Approximate Time Required |
2-3 hours |

**Contents**

Video Lecture
(45 min) |
A video lecture by Prof David Archer that explains electromagnetic radiation, the concept of blackbodies and blackbody Radiation. This video also includes discussions on the use of these concepts to explain a basic climate model for determining the surface temperature of a planet. |

Teaching Module
(45 min) |
A set of tutorials to learn basic syntax in Python: ‘Introduction to Python: Beginners Guide and Tutorials’ |

Classroom/ Laboratory Activity
(60 min) |
A programming activity with a detailed step-by-step guide to building the computational time-dependent energy balance model for Earth using Python based on the schematics explained in the video lecture.
The guide for this activity is provided here. |

Here is a step-by-step guide to using this lesson plan in the classroom/laboratory.

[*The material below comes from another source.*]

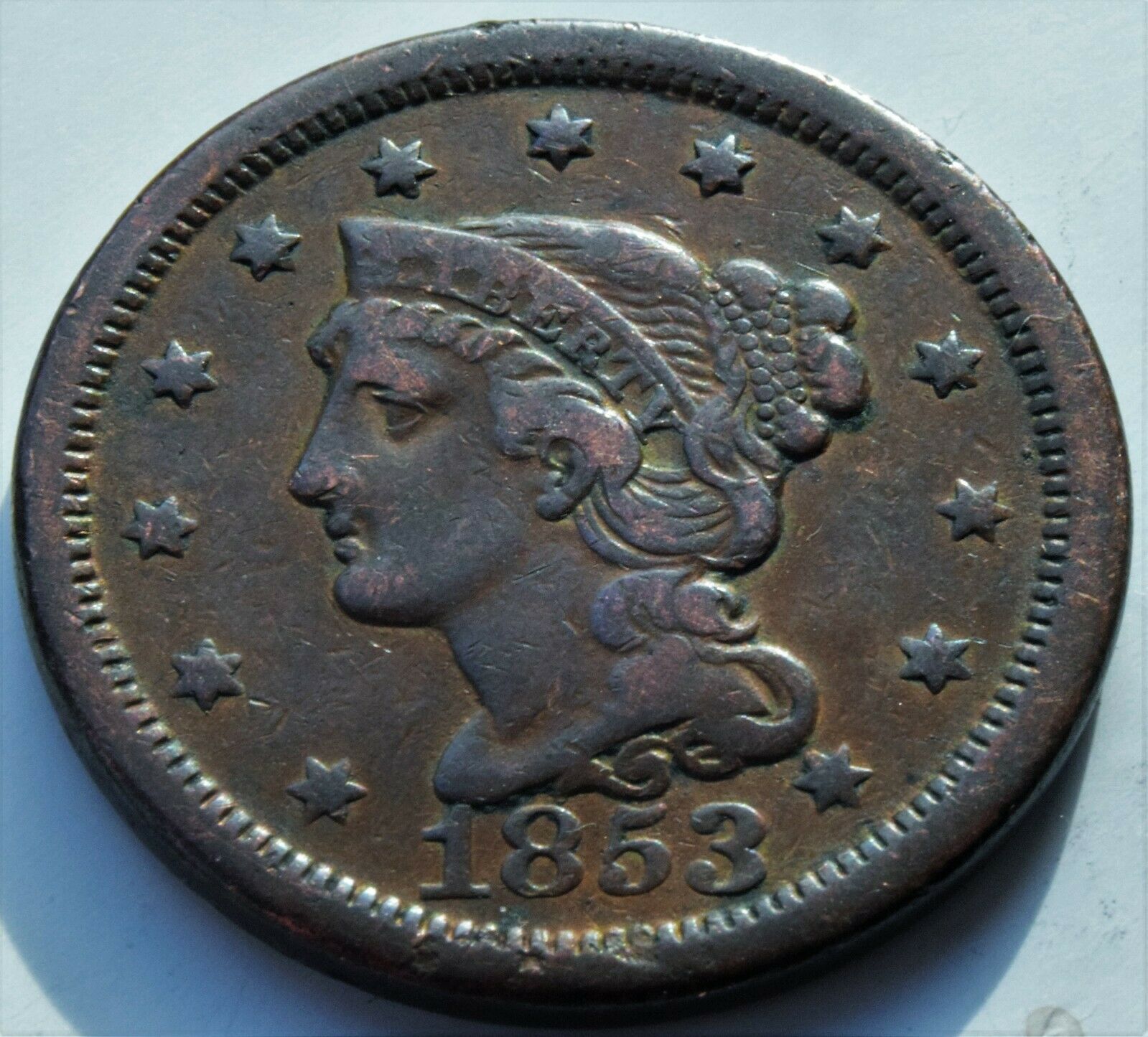 1853 United States of America Large Matron Head Copper Cent High Grade Coin

We have suggested these steps as a possible plan of action. You may customize the lesson plan according to your preferences and requirements.

1 | Introduction to the Time-Dependent Energy Balance Model for the Earth | 1. Play the video lecture, ‘Our first Climate Model’, by Prof David Archer, University of Chicago, to enable your students to understand the scientific background and the schematics of the climate model.
2. Emphasize the following topics from the video lecture: Incident Solar Energy, the Solar Constant, behavior of a Blackbody, the Stephan-Boltzmann Law, heat capacities, and the heat capacity of water. 3. Discuss what every parameter in the model means physically. 4. Remind your students about the units of each quantity that would be required to verify dimensionally correct equations. |

2 | Prepare for Python Programming: By installing Jupyter Notebooks | 1. Ask your students to install a Python programming environment on their computers.
2. For beginners, we recommend using Jupyter Notebooks. This environment allows you to access tutorials and a programming space where students can simultaneously read instructions and try their hands at programming. 3. To access Jupyter Notebooks, install the ‘Anaconda-Navigator’ using this link. 4. Once it is successfully installed on your computer, navigate to the homepage of the software, and click on ‘Install’ in the ‘Jupyter Notebook’ tab. 5. Once installed, launch the notebook- the ‘Jupyter notebook Homepage’ will open as a webpage. 6. Open a new ‘Python 3’ file to begin coding. |

3 | Introduction to Programming with Python | Use the link to the Python tutorial database to teach the basics of Python programming such as printing text, defining variables, simple arithmetic operations, import and use of the ‘numpy’ and ‘matplotlib’ libraries, defining arrays and lists, using indices with arrays and lists, and loops (specifically ‘for’ loops). These introductory skills will be required for the ensuing classroom/laboratory activity.
The Python tutorial database can be accessed here. |

4 | Classroom/Laboratory Activity | Begin by recalling the Time-Dependent Energy Balance Model described in the first resource. Inform your students that this classroom activity involves developing the climate model using Python. This exercise has been adopted from Prof David Archer's course titled “Global Warming II: Create your own models in python”, available on Coursera here.
A detailed step-by-step guide for this activity is provided here for download. 1. Share the instruction manual for the exercise with each student. The manual walks you through the entire process of developing the model on Python. 2. If you want the students to work their way through the exercise themselves, you may avoid sharing the manual with them. Instead, use it to motivate them in the right direction with hints. |

Suggested questions/assignments for learning evaluation :

1. Use the Python program to find out how do the initial conditions affect late-time behavior of the system.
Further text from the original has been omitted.